__PROBLEM REQUIREMENTS__
Copy each line below containing "Door".

__Data records__

....

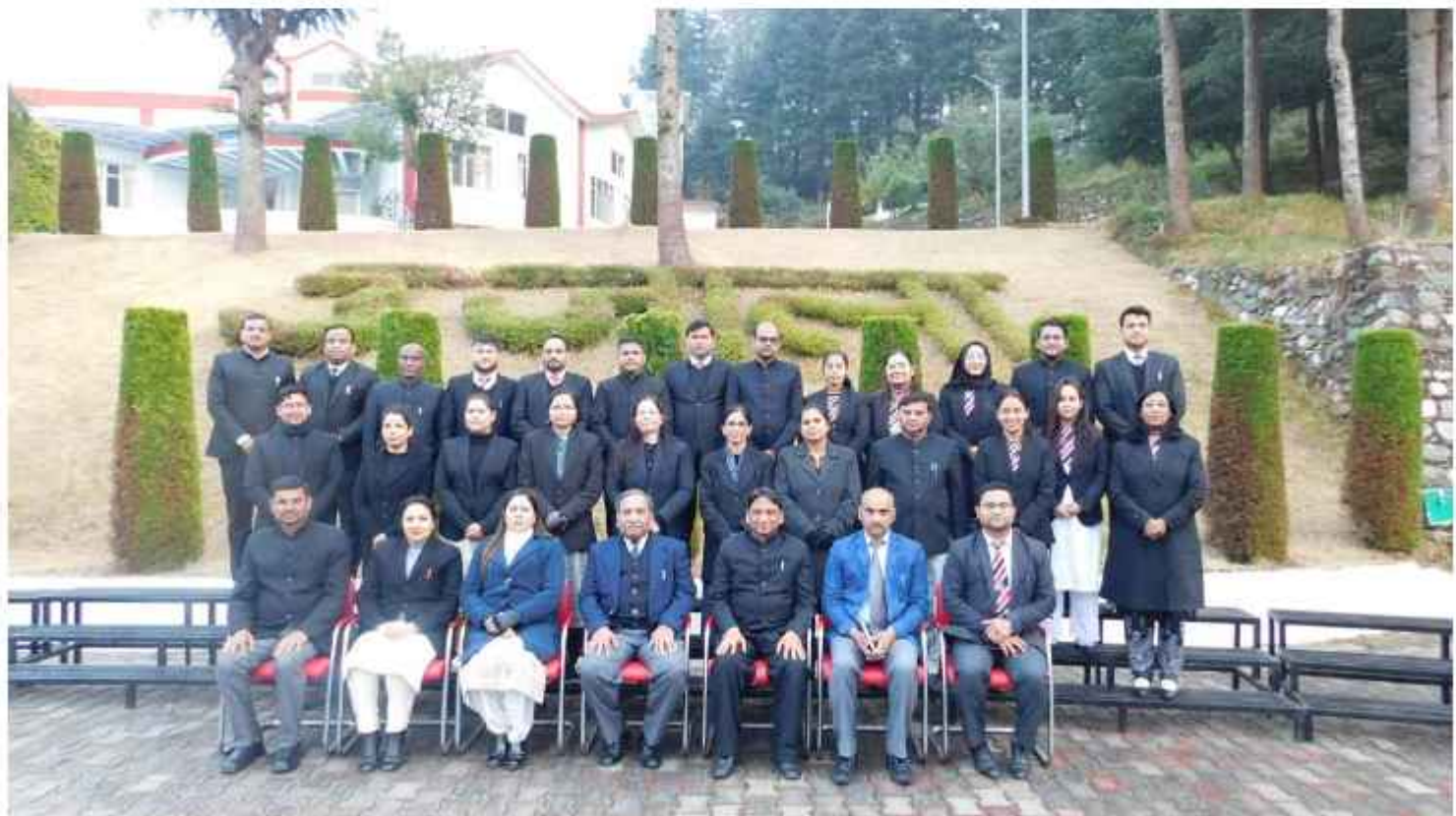
Two days Workshop on emerging trends in Cyber Law, Cyber Crimes including Financial frauds in collaboration with Indian Cyber Crime Coordination (I4C), MHA (IIIrd Phase) from 19.12.2023 to 20.12.2023.
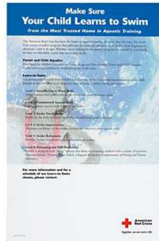
Learn to Swim Poster #651237 (pk/25)
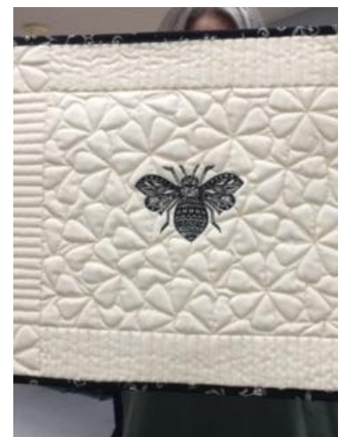
Janome design built in to embroidery machine
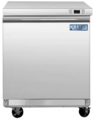
69K-767HC 1 Door

Model: 69K-767HC 1 Door 69K-768HC 2 Door 69K-752HC 2 Doors
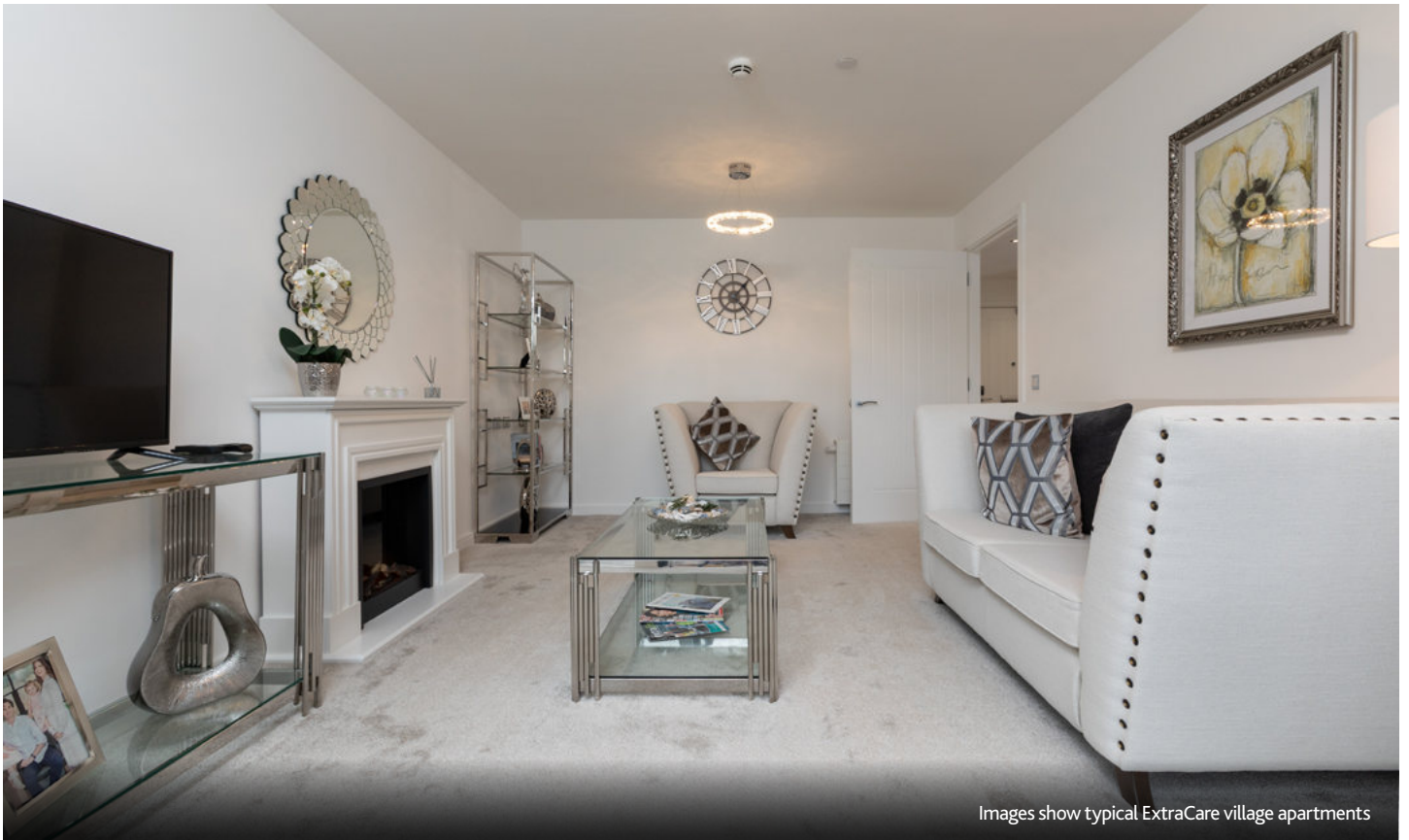
Images show typical ExtraCare village apartments

....

__SOLVED EXERCISE__
69K-767HC 1 Door
Model: 69K-767HC 1 Door 69K-768HC 2 Door 69K-752HC 2 Doors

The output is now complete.